Macbeth (at the beginning), Banquo and Macduff all prove themselves to be men of great courage, skill in battle and loyalty. In Act One, the Sergeant gives a report of Macbeth's skills in battle for King Duncan and Scotland:
For brave Macbeth—well he deserves that name— Disdaining fortune, with his brandish'd steel, Which smoked with bloody execution, Like valor's minion carved out his passage Till he faced the slave, Which ne'er shook hands, nor bade farewell to him, Till he unseam'd him from the nave to the chaps, And fix'd his head upon our battlements. (I.ii.18-25)
However, as the play continues, Macbeth allows himself to be wooed away from these characteristics by the witches' equivocations (lies) or doublespeak as they promise that he will not only be king, but be invincible as well.
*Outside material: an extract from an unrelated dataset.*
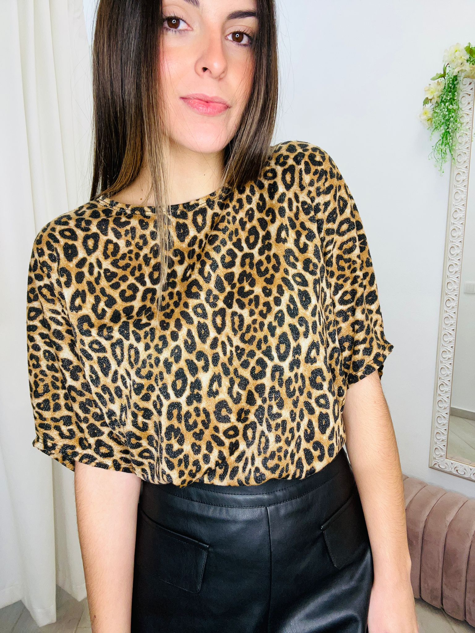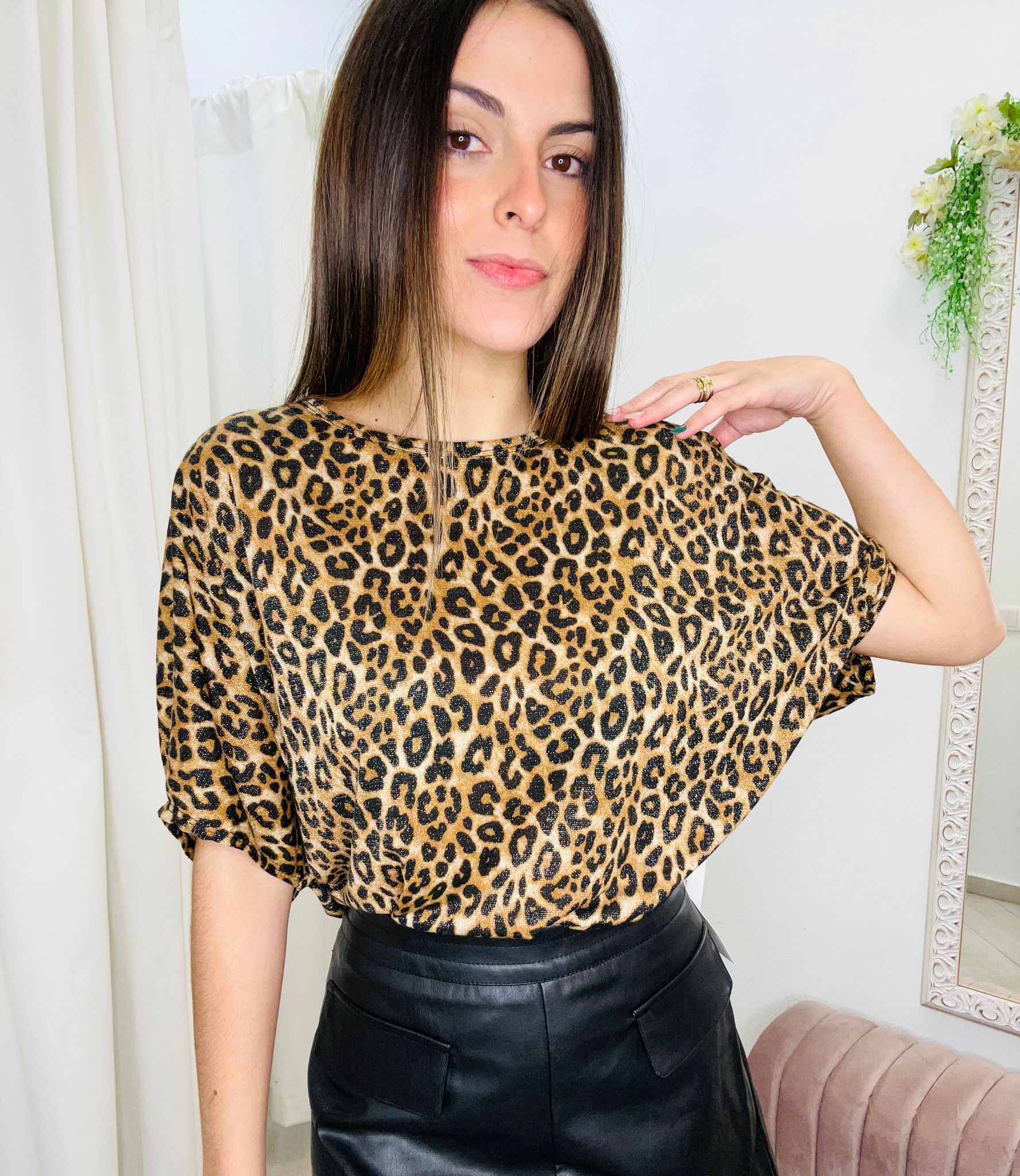 Dale un toque salvaje y moderno a tu estilo con nuestra camiseta animal print de leopardo, diseñada en un tejido fluido que aporta comodidad y movimiento.

Macbeth is not, however, an easy mark: while he is enchanted with the idea of being king, he wavers from that intent for several reasons. Duncan has recently rewarded him for his achievement in battle, and has promised to honor him still further. This shows Macbeth's sense of loyalty. It should be noted that Duncan is not only the King, but Macbeth's friend and cousin. At the time of Duncan's death, Macbeth is Duncan's host—killing one's guest was considered the highest from of betrayal. Macbeth is devoted to his wife; he is also brave even when the odds are stacked against him. It is for his wife that Macbeth finally agrees to the plan to kill Duncan. And even when Macbeth realizes that the witches have tricked him, at the play's end, he refuses to commit suicide, but fights till the death with Macduff.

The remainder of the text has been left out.